Still considering what to do on last year's chapter. Do we rename it? Gut feel is no, as it was very HTTP/2 focused (with a quick dip into HTTP/3 at the end), even if that does lead to a slight inconsistency in the naming cross year.

I spent a good part of last year's HTTP/2 chapter giving the basics as still think this is a fairly new (even if it was approaching it's 5 years anniversary back then), and little understood technology. Think it would be good to have a similar intro to HTTP/3 this year, and perhaps less on HTTP/2 (we can refer back to the previous year's chapter for that).

However, the main point of the Almanac IMHO is not to act as a reference of the technology (though some background is good, and necessary), but to look at it's usage through the HTTP Archive and help explain that to readers. So need to be conscious not to spend too much time on background/theory. I may have overdone it last year but, as I say, I think it was needed more so than for other chapters given how new the technology is and how niche the expertise is. And given HTTP/3 is even newer, maybe that need is still there this year?

Saying all that, I'm struggling to think what new stats to query for this chapter. But we'll worry about that once we've got authors and reviewers!

And on that subject I'm definitely up for reviewing this year. Can author too if we get really stuck but would prefer to hear from someone new if anyone volunteers! Either way, I'm defintely interested in following how this chapter progresses and to help in anyway I can for it.

rmarx commented 4 years ago

Hello everyone. I'd like to again be a reviewer for this chapter this year. I could also contribute text on HTTP/3 and QUIC concepts if we go that route.

My 2 cents would be that the almanac should indeed focus more on the practical use of the tech seen over the past year, as measured by the HTTP archive runs. From that perspective, there won't be much to discuss on HTTP/3 yet, as few servers and browsers offer it and it's not ready for prime time (though, by the end of the year, it might be a bit more wide-spread).

For this year, you could look at how many sites offer H3 by looking at the alt-svc headers though. You could also look at TLS 1.3 adoption for H2, as this is kind of related to QUIC (or at least could give an indication of how up-to-date backends are). You could also research coalescing (or at least certificate contents) a bit more, as this will stay highly relevant for QUIC (and 0-RTT!) as well (maybe Matt Hobbs could help with that? Given his in-depth waterfall discussion blog posts on this). Finally, an idea of the measured RTTs to the backends would be useful, as that's where QUIC/H3 will provide most benefits.

To actually test H3 down the line, the HTTP archive runs would have to be adapted to also try a (secondary) load over QUIC after the normal H2 (H1?) connection, which might be something to think about @rviscomi (and probably also needs support from @pmeenan, who's been talking about this on twitter a bit as well).

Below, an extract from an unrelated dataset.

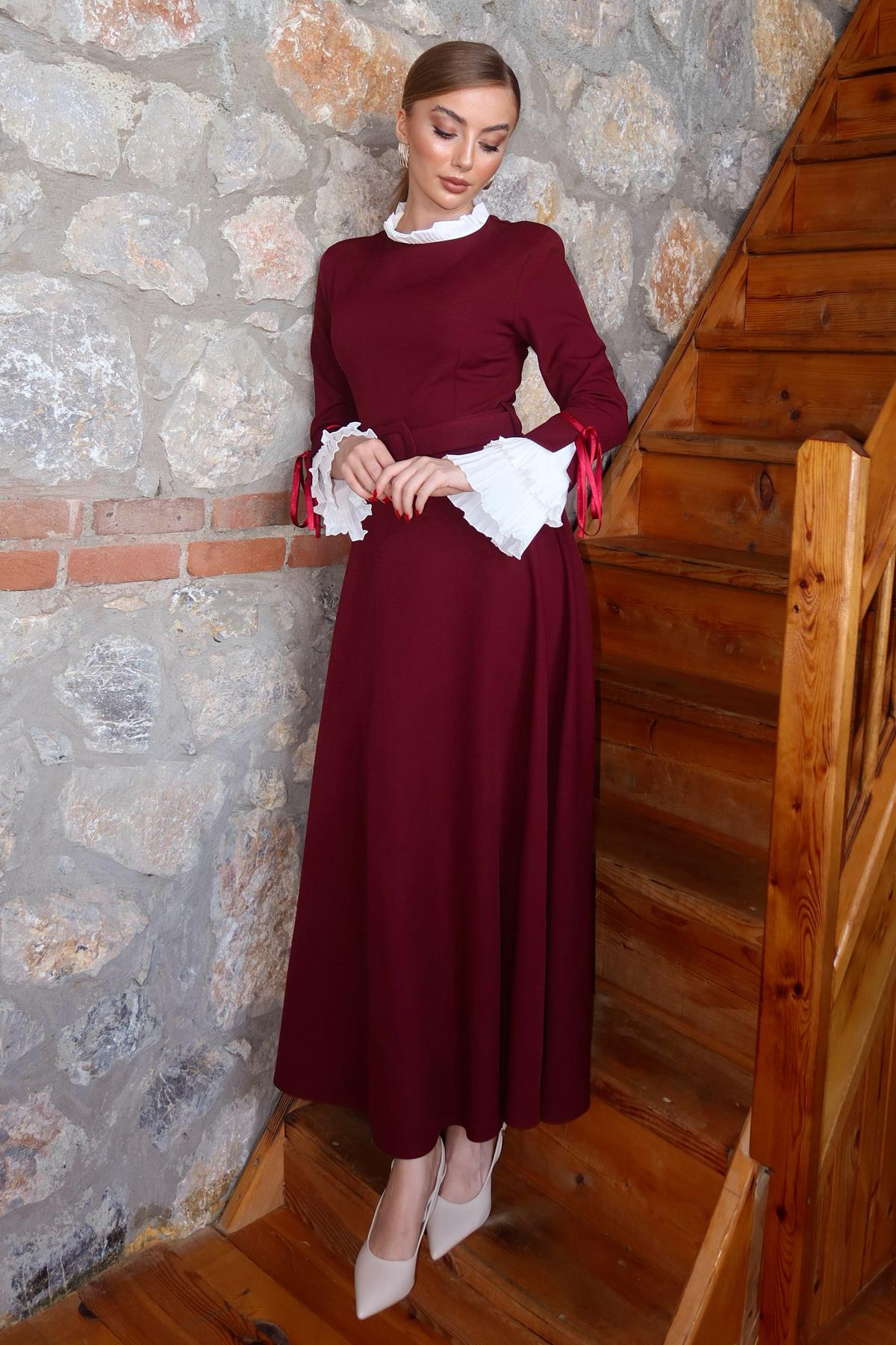Yaka ve Kol Detaylı Kemerli Elbise (8201)

tunetheweb commented 4 years ago

Hello everyone. I'd like to again be a reviewer for this chapter this year. I could also contribute text on HTTP/3 and QUIC concepts if we go that route.

Great stuff!

My 2 cents would be that the almanac should indeed focus more on the practical use of the tech seen over the past year, as measured by the HTTP archive runs. From that perspective, there won't be much to discuss on HTTP/3 yet, as few servers and browsers offer it and it's not ready for prime time (though, by the end of the year, it might be a bit more wide-spread).

Think you'd be surprised with CDNs starting to offer it. It does seem to be growing. Especially if you include gQUIC.

For this year, you could look at how many sites offer H3 by looking at the alt-svc headers though. You could also look at TLS 1.3 adoption for H2, as this is kind of related to QUIC (or at least could give an indication of how up-to-date backends are). You could also research coalescing (or at least certificate contents) a bit more, as this will stay highly relevant for QUIC (and 0-RTT!) as well

Yeah those are the sorts of things I tried to look at last year too. The new author would be well advised to look at the metrics we settled on last year and the discussions around that (#22 )

(maybe Matt Hobbs could help with that? Given his in-depth waterfall discussion blog posts on this).

Ping @nooshu

Finally, an idea of the measured RTTs to the backends would be useful, as that's where QUIC/H3 will provide most benefits.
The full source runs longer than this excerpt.